- _Task requirements_: No pictures go in the copy; retype exactly the lines from the one with "組織文化は、リーダーがビジョ" through the last line of the records.

- _Provided material_:

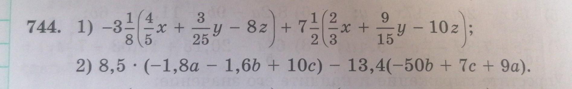 1/4 9 (12 Y - 82 + 3 25 2) + 7 ²1 (²/3x + 1/5 V - 10₂); y 85 23 2) 8,5 - (-1,8a - 1,6b+10c) - 13,4(-506 + 7c+ 9a). 744. 1) -8
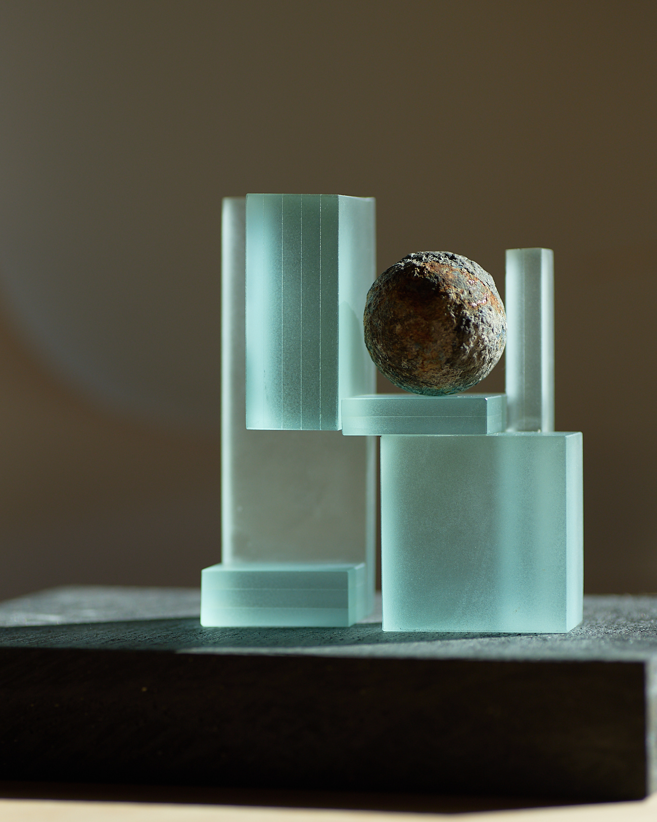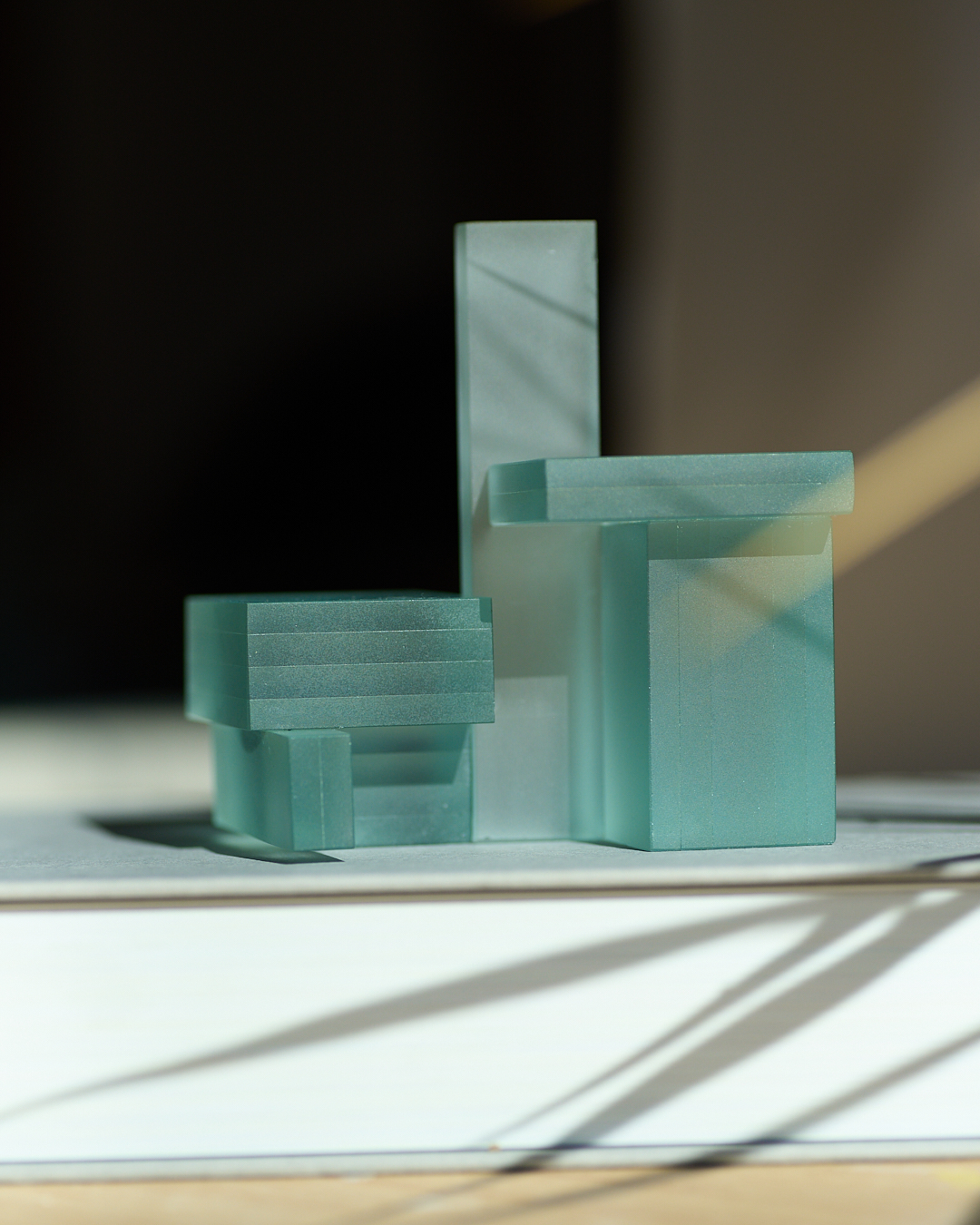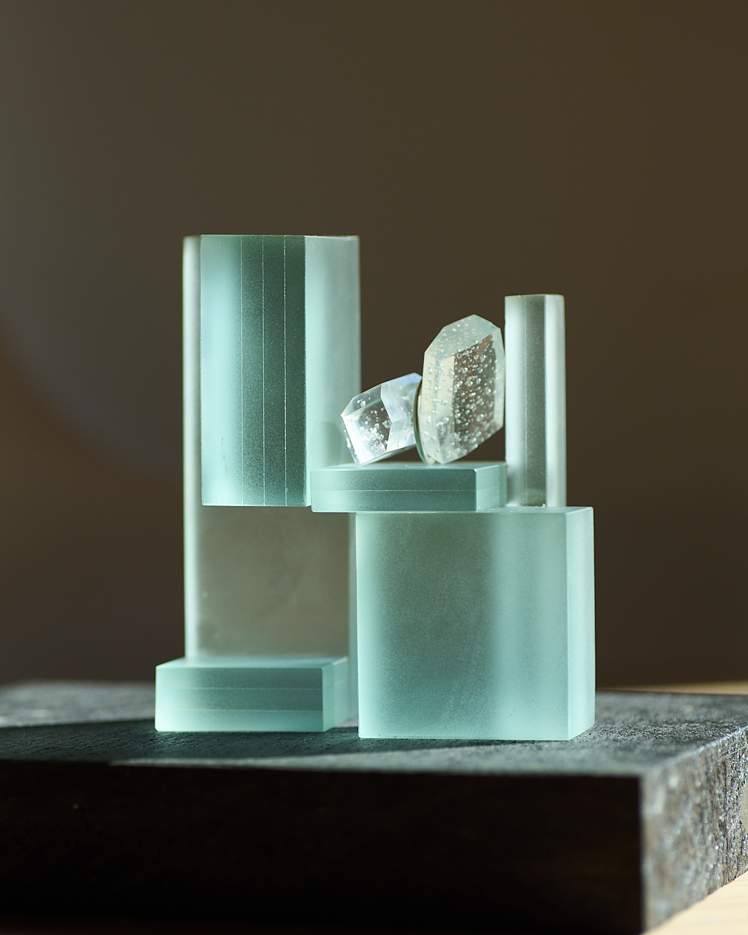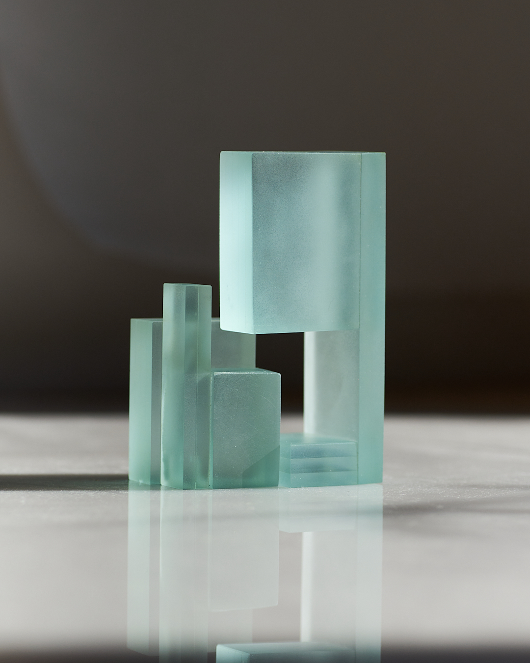 ライトは落水荘の設計において、「外の世界を家の中に引き入れ、家の内を外に導く」という考えを大切にしていたと言われています。そこから私たちは、内と外をつなぐ構成要素しての窓ガラスという境目を手がかりにしました。本来、透明で平らな素材として建築や日用品に使われてきたフロートガラスに、マットなカットと研磨を重ねることで、WRIGHT はうまれました。
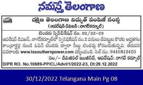 Operation Division, Nagar Kurnool Specification No. 2 Sealed tenders are sought through open tender from eligible contractors for undertaking the works.
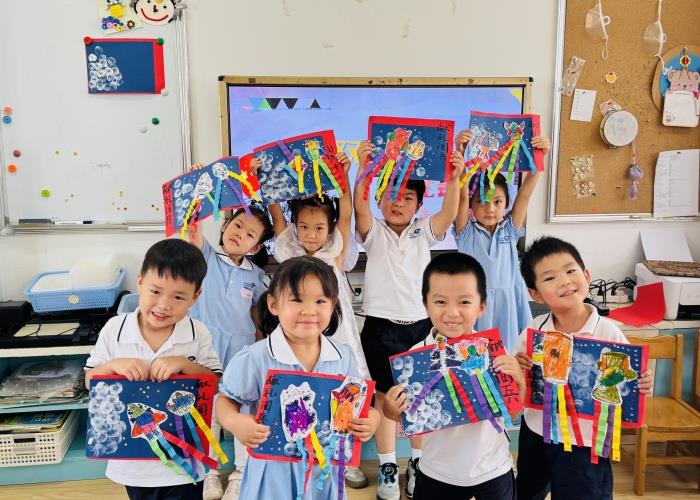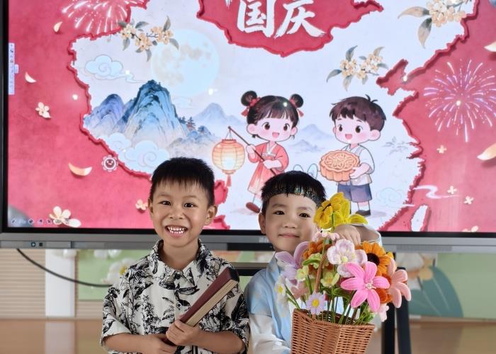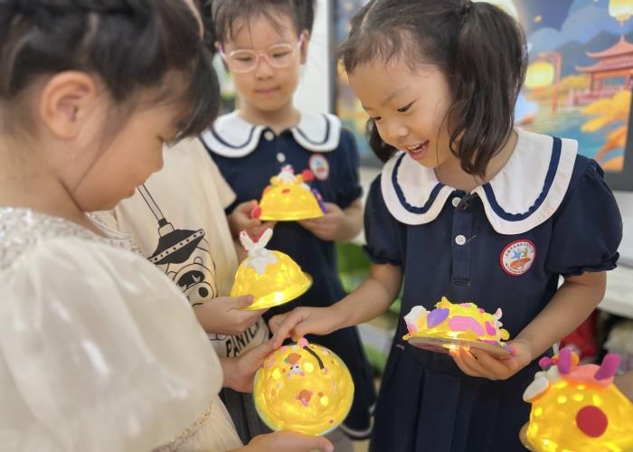 中秋元素的融入更添仪式感。孩子们用剪、贴、绕、画的方式制作月球兔子灯,当灯光点亮,柔和的光芒映着笑脸,也点亮了传统节日的魅力;随后,孩子们换上汉服、唐装与旗袍,伴着悠扬的古典音乐,手持玉兔灯、荷花灯缓缓走秀,一颦一笑皆有国风韵味,举手投足尽显文化自信,让中秋的诗意与国庆的庄重在此刻完美融合。
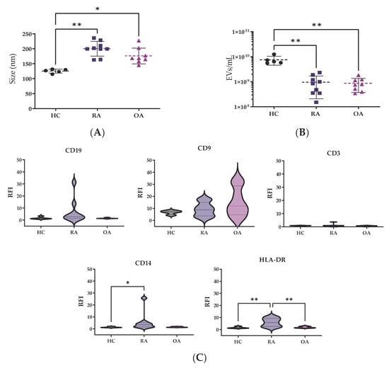 However, patients showed lower EVs concentration, OA 0.7 × 109 (0.4 × 109–1.1 × 109 particles/mL) and RA 0.8 × 109 (0.4 × 109–1.2 × 109 particles/mL), in comparison to HCs 6.5 × 109 (0.3 × 109–1.5 × 109 particles/mL) (p < 0.05, both comparisons) (Figure 1B).
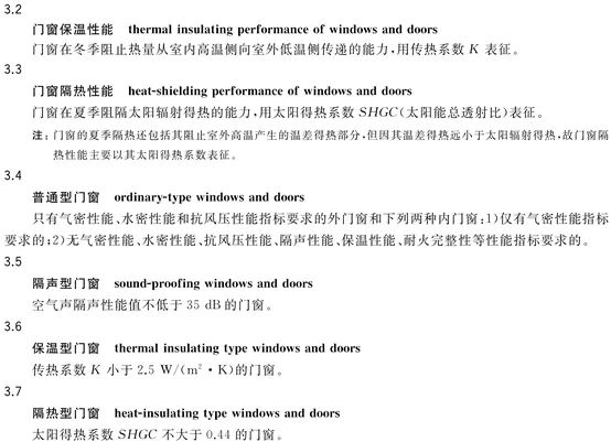 1) 第1章范围中增加了“本标准不适用于防爆门窗”(见第1章); 本标准规定了铝合金门窗的分类和标记、要求、试验方法、检验规则、产品标志及随行文件、包装、运输和贮存。 本标准适用于手动启闭操作的建筑外墙和室内隔墙用窗和人行门,以及垂直屋顶窗。本标准不适用于天窗、非垂直屋顶窗、卷帘门窗和转门,以及防火门窗、防爆门窗、逃生门窗、排烟窗、防射线屏蔽门窗等特种门窗。 【解读】: 防爆门窗是具有防爆炸冲击波性能的门窗。本标准不适用于防爆门窗,则本标准的产品不需执行GB/T29908-2013 《玻璃幕墙和门窗抗爆炸冲击波性能分级及检测方法》。 2) 第1章范围中删除了“非手动启闭操作的墙体用门、窗以及垂直天窗可参照使用”(见2008年版第1章); 【解读】: 根据标准编写要求,标准自身不再规定哪些产品可参照使用,由相关产品使用方自行分析和确定本标准是否适用其它产品。 3) 删除了“遮阳性能”“遮阳系数”“型材截面主要受力部位”的术语和定义(见2008年版的3.2、3.3、3.7); 【解读】: 采用国际上通行的方法,本标准采用太阳得热系数代替遮阳系数作为衡量透光围护结构(门窗或透光幕墙)热工性能的参数。故删除了“遮阳性能”和“遮阳系数”。按照国标GB/T 5237-2018《铝合金建筑型材》关于型材横截面尺寸的壁厚尺寸和非壁厚尺寸的规定,已经可以满足本标准对门窗主型材壁厚控制描述的需要,可以按照铝材生产行业的习惯用语,不必由门窗行业标准另行定义,实现铝材标准和门窗标准的协调统一。 4) 增加了门窗保温性能、门窗隔热性能、普通型门窗、隔声型门窗、保温型门窗、隔热型门窗、保温隔热型门窗、耐火型门窗、门窗反复启闭耐久性的术语和定义(见3.2~3.10);
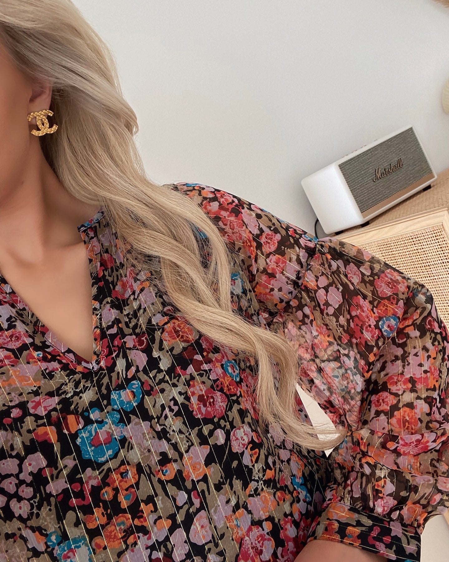Utrolig smuk kjole i det flotteste multifarvet print med blomster og glimmer detaljer.
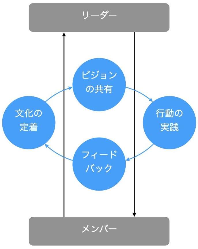 組織文化は、リーダーがビジョンを提示し、メンバーがそれを行動に移し、その行動が新たな規範となり、再びリーダーの意思決定やメンバーの認識に影響を与えるという、ダイナミックな循環の中で進化します。
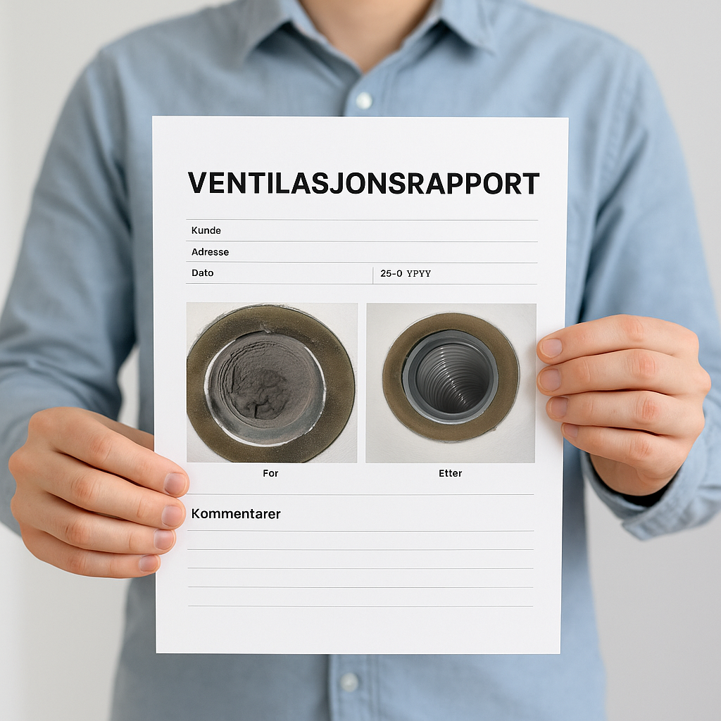 Til slutt tester vi luftstrømmen og sjekker at ventilasjonen fungerer optimalt. Du får en rapport med bilder før og etter rens, samt eventuelle anbefalinger for videre vedlikehold.
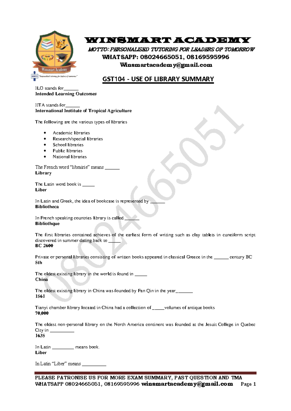 GST104 Use of Library Exam Summary and Key Concepts - Studocu

- _Final answer_:
 組織文化は、リーダーがビジョンを提示し、メンバーがそれを行動に移し、その行動が新たな規範となり、再びリーダーの意思決定やメンバーの認識に影響を与えるという、ダイナミックな循環の中で進化します。
 Til slutt tester vi luftstrømmen og sjekker at ventilasjonen fungerer optimalt. Du får en rapport med bilder før og etter rens, samt eventuelle anbefalinger for videre vedlikehold.
 GST104 Use of Library Exam Summary and Key Concepts - Studocu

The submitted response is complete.